ROBERT PENLAND, Chase Glenn, Omar El Hajj, Anita Anosike, Kruthika Kumar, Steven Flanagan, Mac A. Callaham, E. Louise Loudermilk, Joseph O'Brien, Rawad Saleh, University of Georgia

     Abstract Number: 322
     Working Group: Combustion

Abstract
The Georgia Wildland-fire Simulation Experiment (G-WISE) involved performing burn experiments of fuel beds collected from 3 ecoregions in the Southeastern U.S.: Piedmont, Coastal Plain, and Blue Ridge. The Blue Ridge fuel bed contained surface fuels (fine and woody) and a duff layer, while the others contained surface fuels only. The fuels were conditioned to moisture contents representative of either prescribed fires (Rx) or drought-induced wildfires (Wild). Here, we present elemental carbon (EC) and organic carbon (OC) emissions and how they correlate with fire radiative energy (FRE) and FRE normalized by fuel mass loading (FREnorm).

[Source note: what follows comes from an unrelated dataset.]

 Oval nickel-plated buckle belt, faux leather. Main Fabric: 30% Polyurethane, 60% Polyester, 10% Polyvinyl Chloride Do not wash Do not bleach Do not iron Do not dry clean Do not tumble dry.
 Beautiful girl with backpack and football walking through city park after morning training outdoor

For burns that involved ignition of surface fuels only, fuel consumption was linearly correlated with FRE (R-square = 0.90). However, burns that involved duff ignition fell outside the correlation (lower FRE for the same fuel consumption), indicating that duff exhibits less efficient combustion than surface fuels. Whereas OC emissions were linearly correlated with FRE for all burns (R-square = 0.73), EC emissions were linearly correlated with FRE (R-square = 0.72) for burns that involved ignition of surface fuels only. Again, burns that that involved duff ignition fell outside the correlation (lower EC emissions for the same FRE). EC/OC ratio was linearly correlated with FREnorm (R-square = 0.57), indicating that FREnorm is a practical metric for combustion conditions. FREnorm (and EC/OC) was lowest for burns that involved duff ignition. For burns that involved ignition of surface fuels only, FREnorm was lower for Rx compared to Wild.

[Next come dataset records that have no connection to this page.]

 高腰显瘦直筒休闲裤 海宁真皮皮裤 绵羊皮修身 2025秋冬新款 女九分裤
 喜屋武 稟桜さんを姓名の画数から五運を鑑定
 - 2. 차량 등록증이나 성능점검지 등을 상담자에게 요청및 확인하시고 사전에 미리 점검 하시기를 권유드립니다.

Overall, these findings signify the importance of both moisture content and existence of duff in dictating combustion conditions and consequently, OC and EC emissions. Furthermore, the findings demonstrate the utility of FRE and FREnorm to determine OC and EC emissions, which can be applied in top-down emission inventories that rely on FRE retrievals from satellite observations.